SEMs include items such as firewalls, safes, guards, cryptography software, etc. Even though this might introduce cryptography into the equation, the overall implementation might be totally different. This system can be better in a variety of different ways. It has the capacity to be more responsive, allows better design decisions, etc. On the other hand, it might be lacking in some areas. Unlike CaaS, the company will be tasked with configuring the networks with the hardware solution and then a security team to create and configure a software solution. This is added overhead that must be tackled if this is the chosen route over CaaS  .
The last alternative before the conclusion that will be observed is creating our own solution. When this is done, a company must build their software from the ground up and might require extra time for tweaking and making sure that all of the bases are covered. On the other hand, it beats CaaS in the realm of the level of flexibility. The party can then customize the software to meet their exact needs instead of trying to make CaaS work for what they have or want.
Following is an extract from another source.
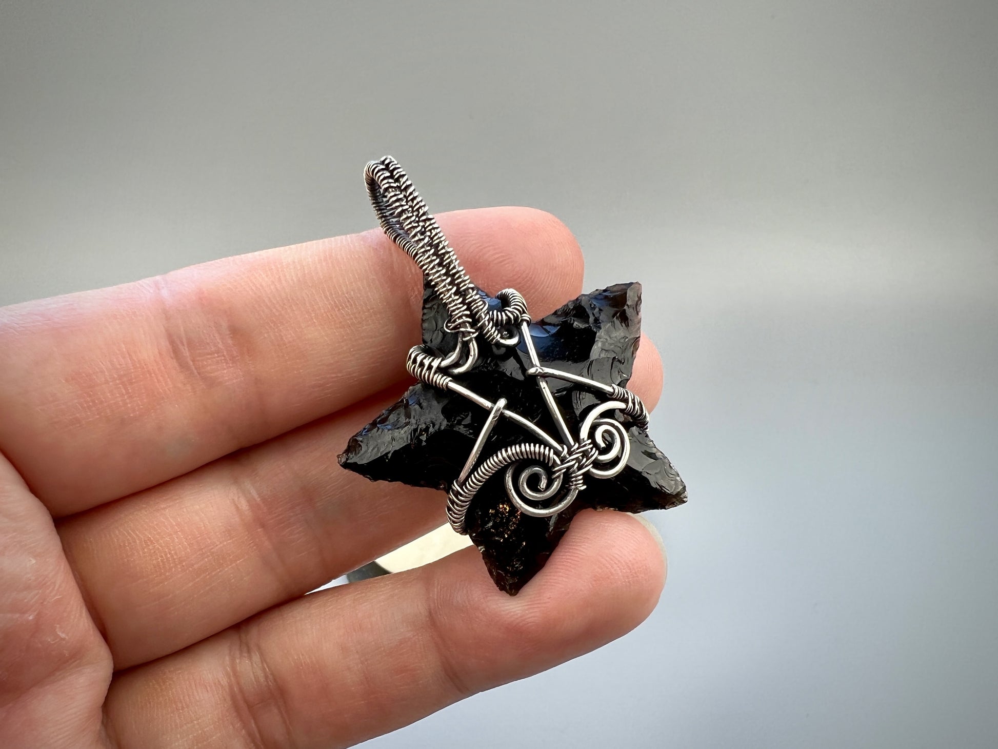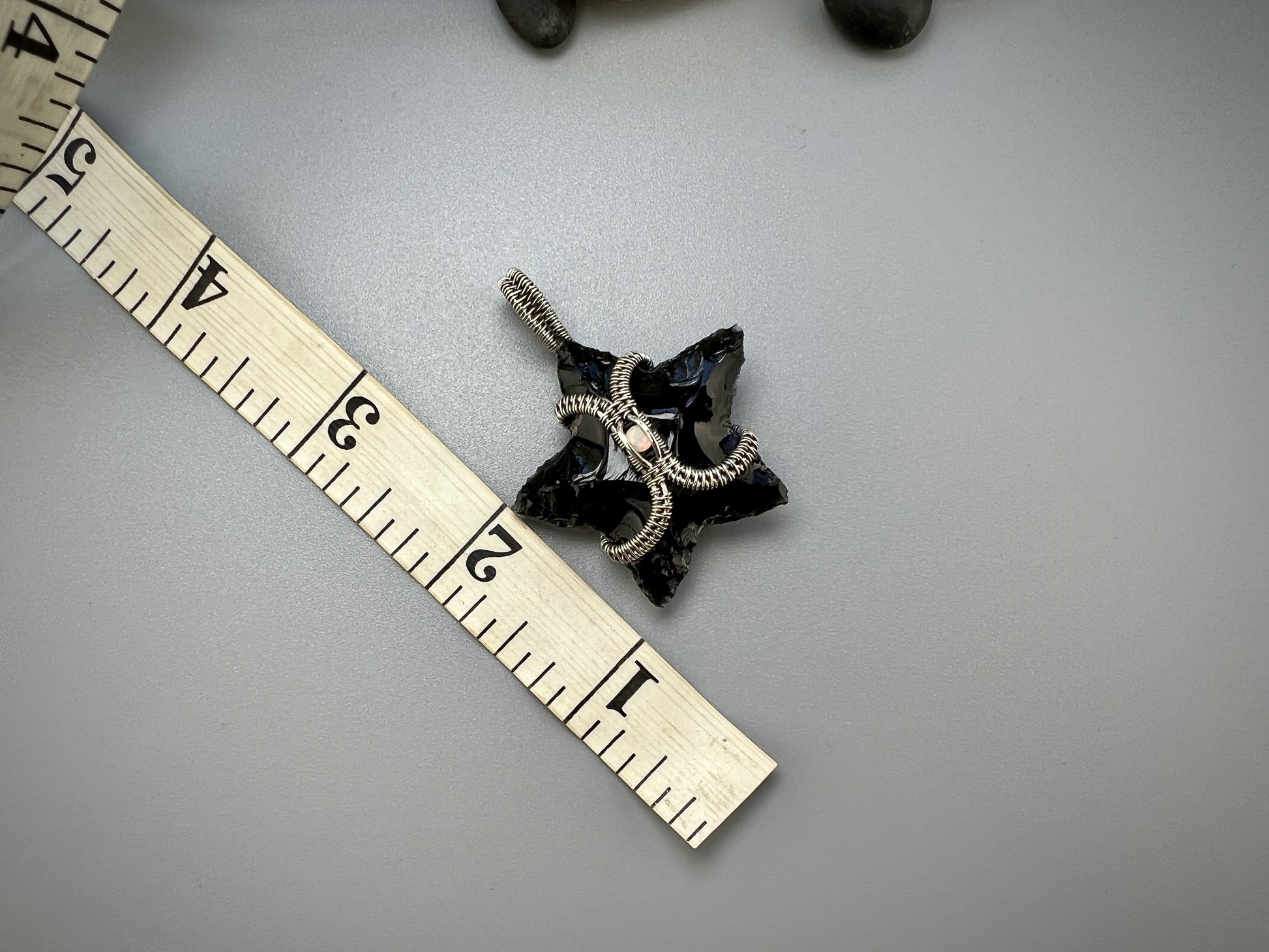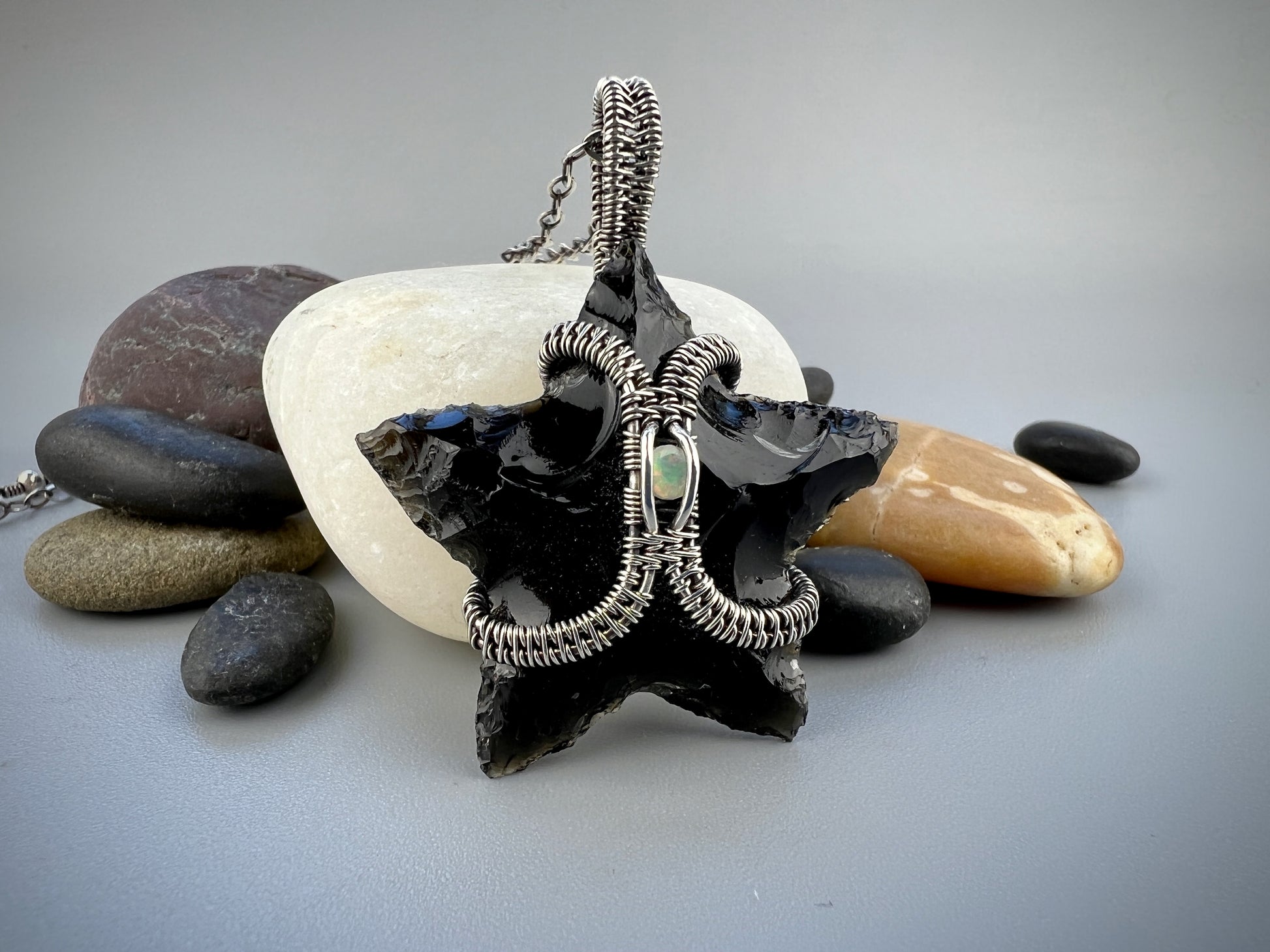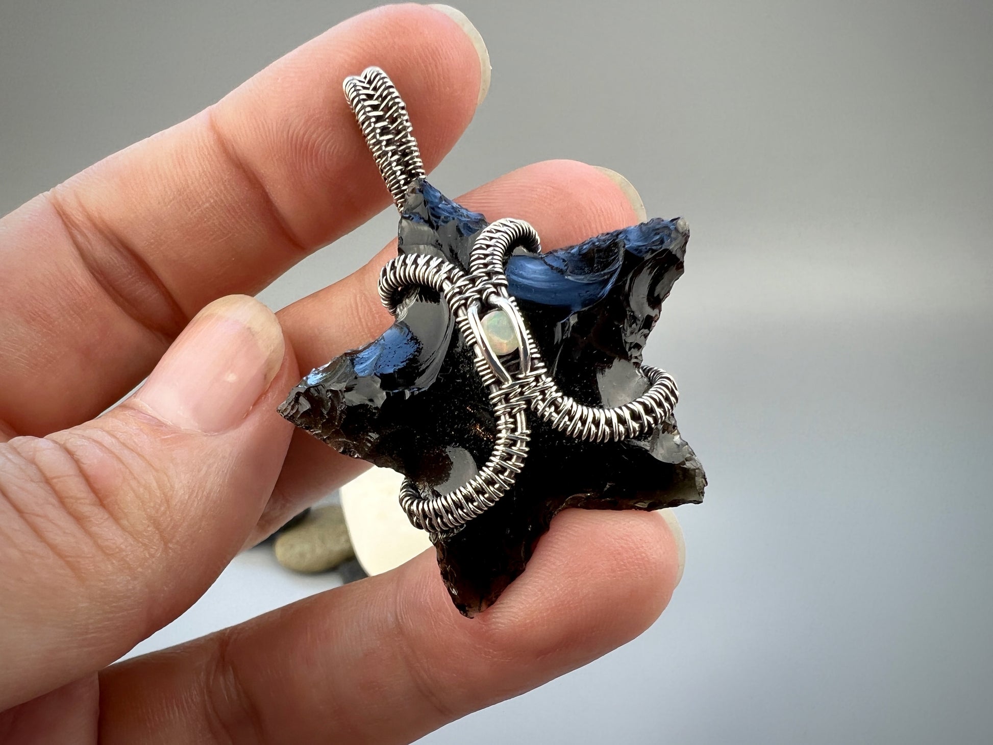 ✔ This obsidian star carving is what has been missing in your witchy wardrobe. Complete with a faceted opal, this pendant is an absolute stunner. The wire work is intricate yet leaves the stones in the foreground.

This means their choice of architecture, algorithm(s) used, etc. CaaS does come out as being ready to use out of the box for the most part and maybe be more convenient in certain situations.
In this paper we discussed cryptography as a service for both the mobile and cloud environments. We have seen that CaaS is extremely flexible and can be implemented in a variety of techniques. Since this is the case, it means that this might not be the best solution. Overall, CaaS is a growing and emerging field currently and is being implemented by many companies across the globe and might change the way that information security is viewed in the future.